Much has been made of the “bad” pop song, but Warren, along with producers Paul Blair, aka DJ White Shadow, and Mark Nilan Jr. (Nick Monson is also credited), maintain that they never set out to make one, the latter two of whom use that line verbatim.
“I’ve never tried to [make] a sell-out, opposite-of-cool song in my life!” Nilan Jr. exclaims. He grew up around the creators of Motown in Detroit, where Blair also spent part of his childhood, but the two didn’t meet until years later at an international songwriting camp, where partying took precedence and not one song was written. “But I got to meet Mark and we went on to win a Grammy together,” Blair says, so it wasn’t a total loss.
“What is a bad pop song?” Blair ponders. He has been a long-time collaborator of Gaga’s since her Monster Ball tour. “Nobody sets out to write a bad pop song or a bad song in general. I don’t think that ‘Party in the U.S.A’ by Miley Cyrus is a work of creative writing genius, but it’s a great pop song. I think [‘Why Did You Do That?’ is] a fun song that someone who considered themselves a serious songwriter, like Jackson Maine does in the movie, would turn his nose up at due to the subject matter—because he would never write something like that. Is it a dumb song to me? No. Is it a dumb song to Diane Warren? No. Is it a dumb song to you? No. But is it a dumb song to Jackson Maine? Absolutely. Any song with the word ass in it is probably a dumb song [to him].”
“It’s definitely not a line that people would assume would come from me,” Warren says, adding that nothing about the song is something that people would assume came from her. For starters, it was one of the only times she’s written a song with someone else, with Gaga pushing Warren to “[get] out of my comfort zone.”
It’s also one of the only times she’s “written to track,” with the “musical germ” provided by Nilan Jr. already “cooked up” from jam sessions in the weeks prior to getting the call from Blair to come into the studio. He was on his way to Home Depot to do “general man/dad stuff on a Saturday,” he says, adding, “I didn’t make it to Home Depot that day.” Sticking with that theme, Blair likens “Why Did You Do That?” to a “junkyard song,” not in a derogatory way but one whose parts sit around for a while until they have occasion to be used.
“It’s smart to have a handful of great tracks in your back pocket, so that when you go into sessions you’re ready when they say, play me something,” he says. And that something was the “kalimba-sounding instrument” that can first be heard when the song comes on. “I played through a couple, but [Gaga] said, go back to that first one again, and she instantly started humming the hook melody. It just kind of poured out of her.

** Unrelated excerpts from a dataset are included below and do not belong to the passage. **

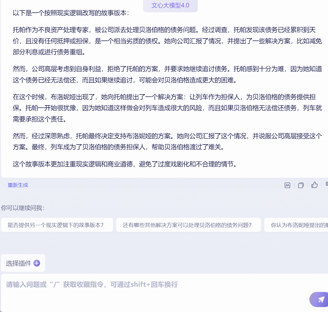看起来,文心大模型 4.0 可以在保持原始知识的情况下,与人在不断对话的过程中生成、提炼出你想要的内容。
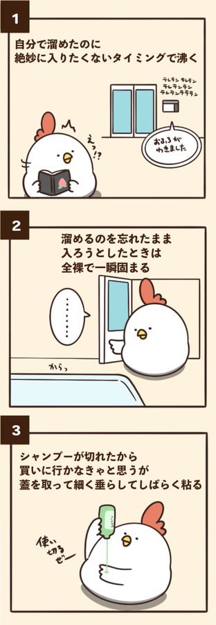 ゆる〜い鳥のキャラクターが「あるあるネタ」を展開する漫画アカウント・毎日でぶどり(@debu_dori)をご存じでしょうか? わかりみしかない投稿の中から「大学生にありがちなこと/お風呂でありがちなこと」の2本をご紹介します。
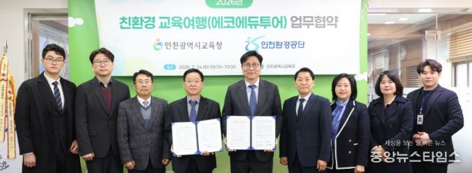 (중앙뉴스타임스 = 방재영 기자) 인천광역시교육청은 24일 인천환경공단과 ‘친환경 교육여행 운영 및 활성화를 위한 업무협약’을 체결했다.
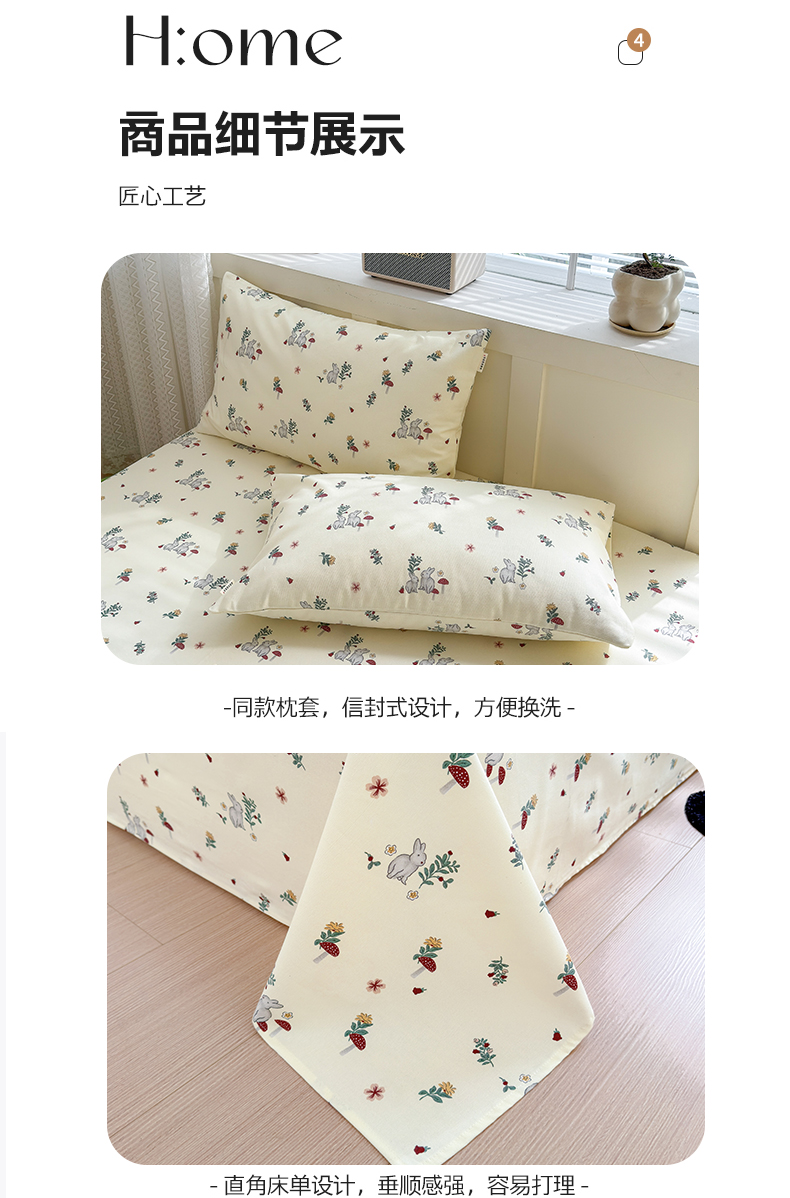 当前位置: 91家纺网 > 商品网购 > 床品套件 > 三件套 > 吉象家纺 2024新款老粗布三件套-床单款 花园兔

“Within an hour that song was complete,” Nilan Jr. continues. “Usually the best ones are those that happen quickly and spontaneously like that. When you start thinking about it too hard, you lose the spark.”
For her money, Warren—who does not recall Blair or Nilan Jr. being in the room while she and Gaga were writing, but adds, “I was pretty stoned! Maybe they came later”—usually takes longer to write the songs she pens herself, a strategy that has served her well, with nine number-one songs and 32 top-10 songs on the Billboard charts throughout her career.
She maintains that “Why Did You Do That?” should have been released as a single and might see a renewed popularity, like her 2014 Paloma Faith song “Only Love Can Hurt Like This,” which went viral on TikTok, or Blair and Gaga’s “Bloody Mary” from 2011’s Born This Way, which blew up last year after being featured on Wednesday. “[“Why Did You Do That?”] hasn’t had her quinceanera yet but maybe at one point she will,” Blair says.